Мне было интересно, как он разговаривает с Глэдис, как смотрит на нее, что подмечает. Этот интерес не имел ничего общего с ревностью. Думаю, мне просто хотелось какого-то развития событий. Совсем как Лили и Марджори, я дрожала в нетерпеливом ожидании. Мы все жаждали уловить в его взгляде огонек, а в голосе – жар. Не то чтобы мы желали ему стать больше похожим на других мужчин, но просто знали: чувственность у него проявится совершенно особым образом. Он был добрее и терпимее большинства женщин, а суровостью и сдержанностью не уступал никому из мужчин. Мы хотели увидеть, как он переменится.
Если Глэдис и стремилась к тому же, то виду не подавала. Глядя на таких женщин, я не могу определить: неужели они в душе столь же толстокожи и унылы, как внешне, и только ищут повода выплеснуть презрение и досаду, или же их терзают мрачные костры и пустые страсти.
Лили и Марджори были не прочь поговорить о замужестве. Ничего хорошего они на эту тему сказать не могли, хотя полагали, что уклонение от брачных уз должно преследоваться по закону. Марджори рассказывала, как вскоре после свадьбы забилась в дровяной сарай, чтобы наглотаться крысиного яду.
– И непременно бы наглоталась, – добавила она. – Да только аккурат в это время автолавка подъехала, и мне пришлось выйти, кое-чего прикупить. Мы тогда на ферме жили.
Муж в ту пору обращался с ней очень жестоко, но позднее с ним случилась беда: он перевернулся на тракторе и от полученных травм остался калекой. Они переехали в город, и теперь хозяйкой положения оказалась Марджори.
– Тут как-то вечером разобиделся и говорит, дескать, ужин твой есть не буду. Ну, я ему запястье стиснула и держу. Он испугался, что я ему руку выверну. Понял, что с меня станется. Я ему: «Что ты сказал?» А он сразу: «Нет-нет, ничего».

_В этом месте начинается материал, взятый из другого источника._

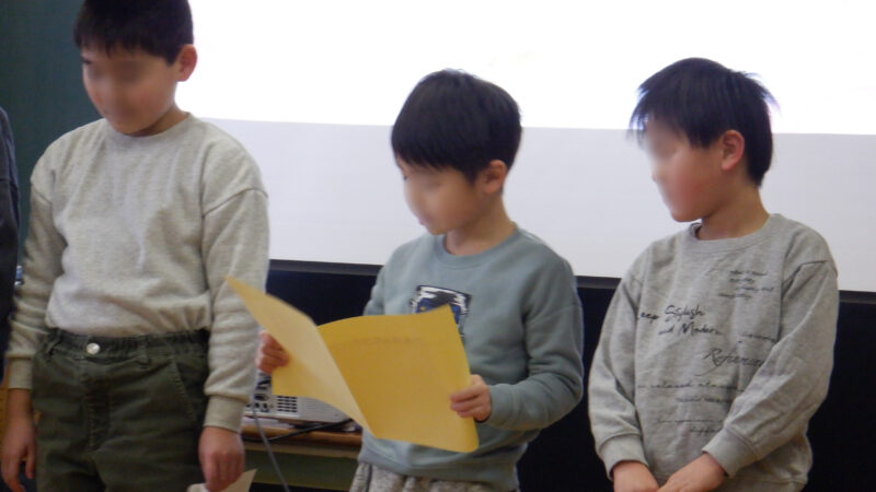 朝から雪が降り積もる1月らしい天気の中、3学期の始業式が行われました。1・4・5年生が3学期の目標を発表しました。学校長からは、目標を三日坊主で終わらせないためにできることについての話がありました。日頃から意識して、目標が達成できるようになっていけるといいですね。
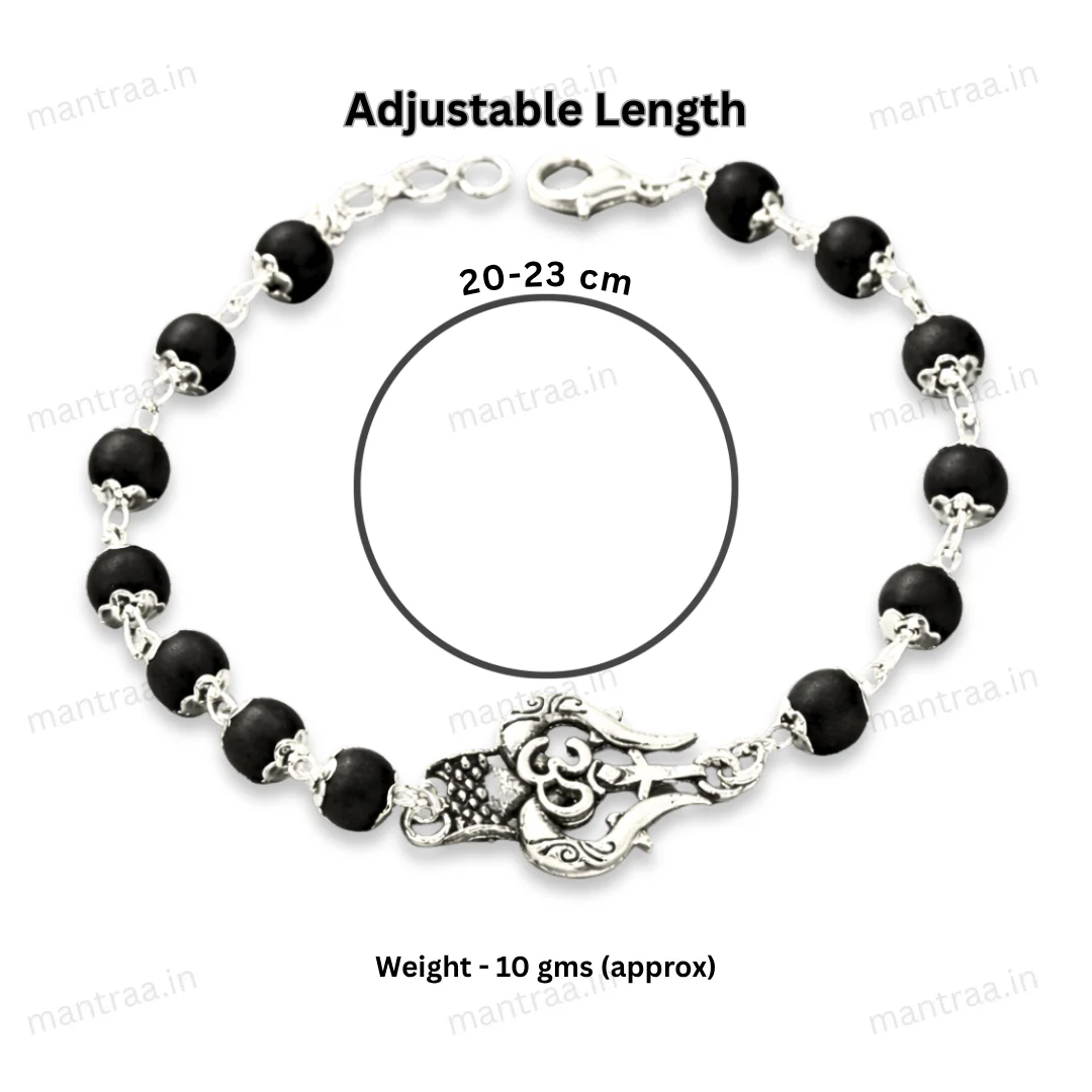 Shiv Trishul Karungali Bracelet - Silver Plated
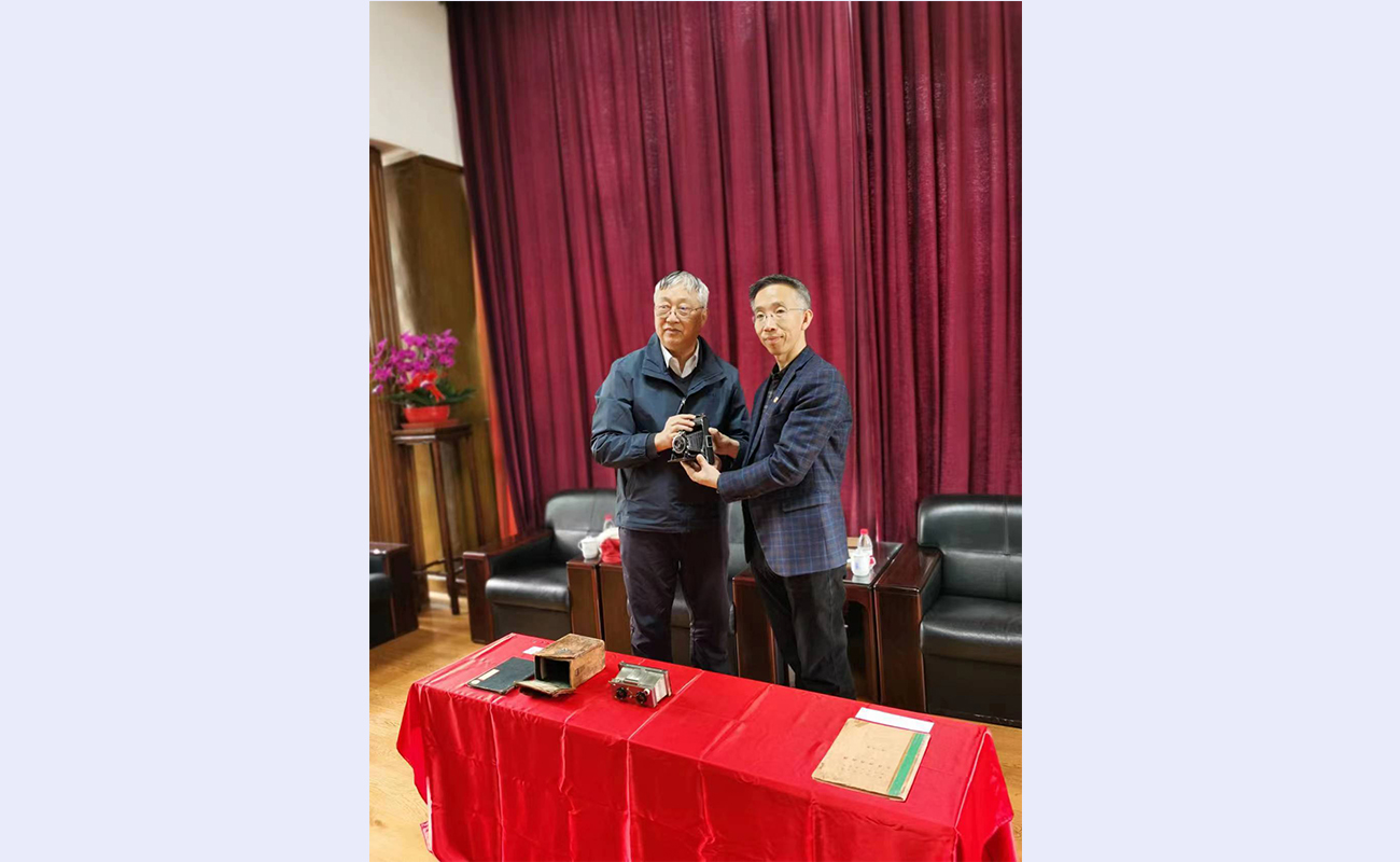 金兼斌接受黄家林(左)的相机捐赠

Рассказывали сестры и о своем отце. Был он человеком старой закалки. В сарае держал аркан (не в том сарае, где крысиный яд, – тот был на другой ферме, гораздо позже) и, когда дочери действовали ему на нервы, мог отходить их этим арканом и грозился на нем же повесить. Лили, младшую из сестер, трясло так, что ноги не держали. Не кто иной, как отец, отдал Марджори, когда той едва стукнуло шестнадцать, в жены своему дружку. Тот и довел ее до крысиного яда. А отец потому так поступил, что боялся, как бы она по рукам не пошла.